Can the 4-component Dirac spinor transform under any spin representation?

example:
S = 0, 1/2, 1, 2

Relativistic massless Bosons:
Photon - Spin-1
Gluon - Spin-1
Graviton - Spin-2

Fundamental particle:
electron - Spin-1/2
neutrino - Spin-1/2

Composite particle:
pion - Spin-0 (spinless)

Reference:
http://en.wikipedia.org/wiki/Dirac_spinor#Two-spinors"

 

[per.sundqvist]

Why is the Dirac equation capable of describing spin-1/2 free particles and the Klein–Gordon equation can only describe spinless free particles?

According to the relativistic classical perspective, they are the same equation.

Relativistic mass Dirac equation for spin-1/2 free particle:
$$\frac {1}{c^2} \frac{\partial^2}{(\partial t)^2} \psi - \mathbf{\nabla}^2 \psi - \frac {m^2 c^2}{\hbar^2} \psi = 0$$

Relativistic mass Klein–Gordon equation for spinless free particle:
$$\frac {1}{c^2} \frac{\partial^2}{(\partial t)^2} \psi - \mathbf{\nabla}^2 \psi + \frac {m^2 c^2}{\hbar^2} \psi = 0$$

Does the particle spin account for the difference in signs?
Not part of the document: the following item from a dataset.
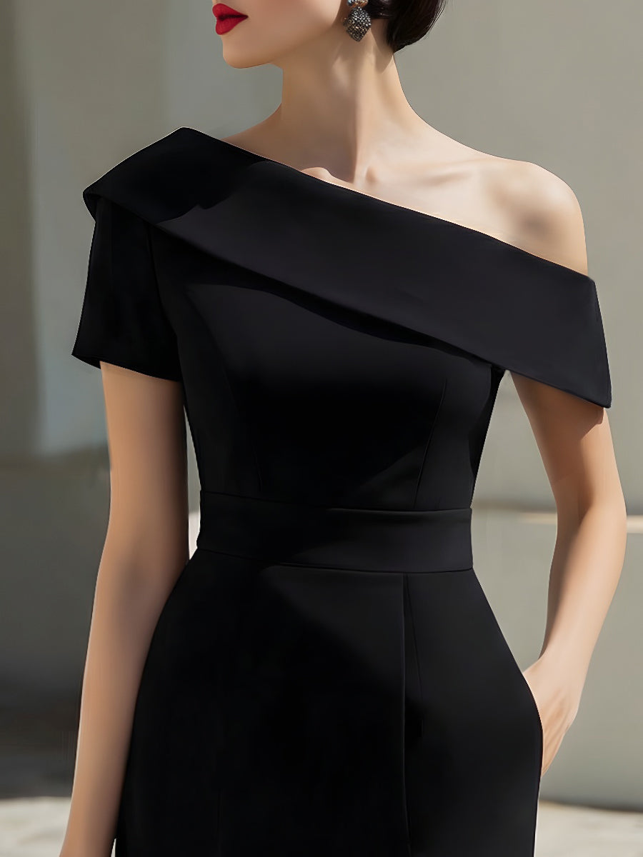 The dress features a distinctive off-shoulder neckline that sweeps diagonally across the collarbone, creating an elegant asymmetric frame that highlights the shoulders and neckline. One side is finished with a soft, structured sleeve that balances the design while adding sculptural dimension. The folded neckline detail enhances the clean lines of the bodice, delivering a polished and contemporary look.

Honestly, the trick with E-> -i\hbar d/dt is awful physics, when going from the time-independent Dirac equ to time-dependent. But when m=0, you don't need four components to obey the relativistic energy-momentum dispersion, so in this case, you don't need to do this substitution between spinor components, and a scalar field is enough, but with m included you need it. Note that Dirac equ itself does not tells you anything about anti-symmetry, which is the rule for fermions. You have to apply this "extra" condition on top of Dirac's equ.